TASK STATEMENT: In the records below, the line with "Já na quarta-feira, oito" opens the range and the line with "Ahora bien, al" closes it; print that range exactly and nothing else.

MATERIAL SUPPLIED:

• • • • • • •

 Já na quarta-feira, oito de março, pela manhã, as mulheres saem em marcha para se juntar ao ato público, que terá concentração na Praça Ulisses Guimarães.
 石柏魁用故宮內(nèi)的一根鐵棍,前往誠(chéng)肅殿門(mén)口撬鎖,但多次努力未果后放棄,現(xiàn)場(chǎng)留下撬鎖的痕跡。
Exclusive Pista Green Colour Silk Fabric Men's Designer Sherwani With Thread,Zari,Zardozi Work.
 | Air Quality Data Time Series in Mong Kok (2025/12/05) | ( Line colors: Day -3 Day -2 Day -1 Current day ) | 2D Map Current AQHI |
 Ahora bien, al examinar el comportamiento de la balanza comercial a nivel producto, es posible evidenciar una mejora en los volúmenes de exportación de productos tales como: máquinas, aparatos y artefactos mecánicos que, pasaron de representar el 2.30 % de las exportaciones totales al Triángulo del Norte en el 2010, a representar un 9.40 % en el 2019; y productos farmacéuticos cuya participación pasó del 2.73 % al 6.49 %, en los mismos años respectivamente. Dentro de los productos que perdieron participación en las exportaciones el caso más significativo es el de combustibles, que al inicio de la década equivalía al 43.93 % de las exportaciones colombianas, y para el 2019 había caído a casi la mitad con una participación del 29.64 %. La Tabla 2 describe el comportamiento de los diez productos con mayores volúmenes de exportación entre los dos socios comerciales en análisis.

• • • • • • •

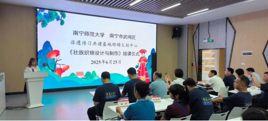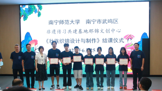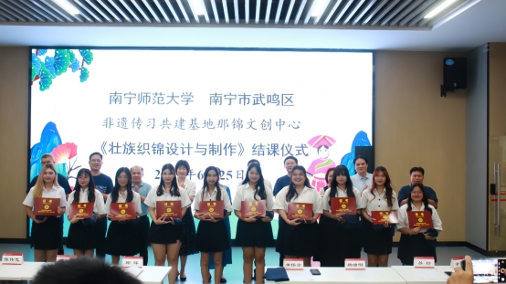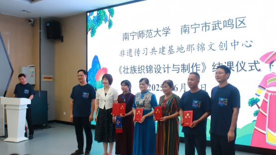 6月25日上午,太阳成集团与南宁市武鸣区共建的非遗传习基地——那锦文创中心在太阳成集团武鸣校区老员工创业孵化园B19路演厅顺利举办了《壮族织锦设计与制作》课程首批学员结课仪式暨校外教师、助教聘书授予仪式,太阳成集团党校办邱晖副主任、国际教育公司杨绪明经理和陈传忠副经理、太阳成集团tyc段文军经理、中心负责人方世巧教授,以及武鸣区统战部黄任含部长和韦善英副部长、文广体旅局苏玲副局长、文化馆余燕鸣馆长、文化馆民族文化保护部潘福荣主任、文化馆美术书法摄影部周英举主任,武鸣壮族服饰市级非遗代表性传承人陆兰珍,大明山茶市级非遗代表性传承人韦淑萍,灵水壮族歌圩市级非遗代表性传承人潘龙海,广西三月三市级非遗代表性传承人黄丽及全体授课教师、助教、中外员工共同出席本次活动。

• • • • • • •

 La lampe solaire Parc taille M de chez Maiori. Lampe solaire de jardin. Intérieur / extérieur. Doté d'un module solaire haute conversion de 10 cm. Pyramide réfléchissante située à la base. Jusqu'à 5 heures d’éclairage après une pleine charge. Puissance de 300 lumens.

• • • • • • •

ANSWER TO THIS EXERCISE:
 Já na quarta-feira, oito de março, pela manhã, as mulheres saem em marcha para se juntar ao ato público, que terá concentração na Praça Ulisses Guimarães.
 石柏魁用故宮內(nèi)的一根鐵棍,前往誠(chéng)肅殿門(mén)口撬鎖,但多次努力未果后放棄,現(xiàn)場(chǎng)留下撬鎖的痕跡。
Exclusive Pista Green Colour Silk Fabric Men's Designer Sherwani With Thread,Zari,Zardozi Work.
 | Air Quality Data Time Series in Mong Kok (2025/12/05) | ( Line colors: Day -3 Day -2 Day -1 Current day ) | 2D Map Current AQHI |
 Ahora bien, al examinar el comportamiento de la balanza comercial a nivel producto, es posible evidenciar una mejora en los volúmenes de exportación de productos tales como: máquinas, aparatos y artefactos mecánicos que, pasaron de representar el 2.30 % de las exportaciones totales al Triángulo del Norte en el 2010, a representar un 9.40 % en el 2019; y productos farmacéuticos cuya participación pasó del 2.73 % al 6.49 %, en los mismos años respectivamente. Dentro de los productos que perdieron participación en las exportaciones el caso más significativo es el de combustibles, que al inicio de la década equivalía al 43.93 % de las exportaciones colombianas, y para el 2019 había caído a casi la mitad con una participación del 29.64 %. La Tabla 2 describe el comportamiento de los diez productos con mayores volúmenes de exportación entre los dos socios comerciales en análisis.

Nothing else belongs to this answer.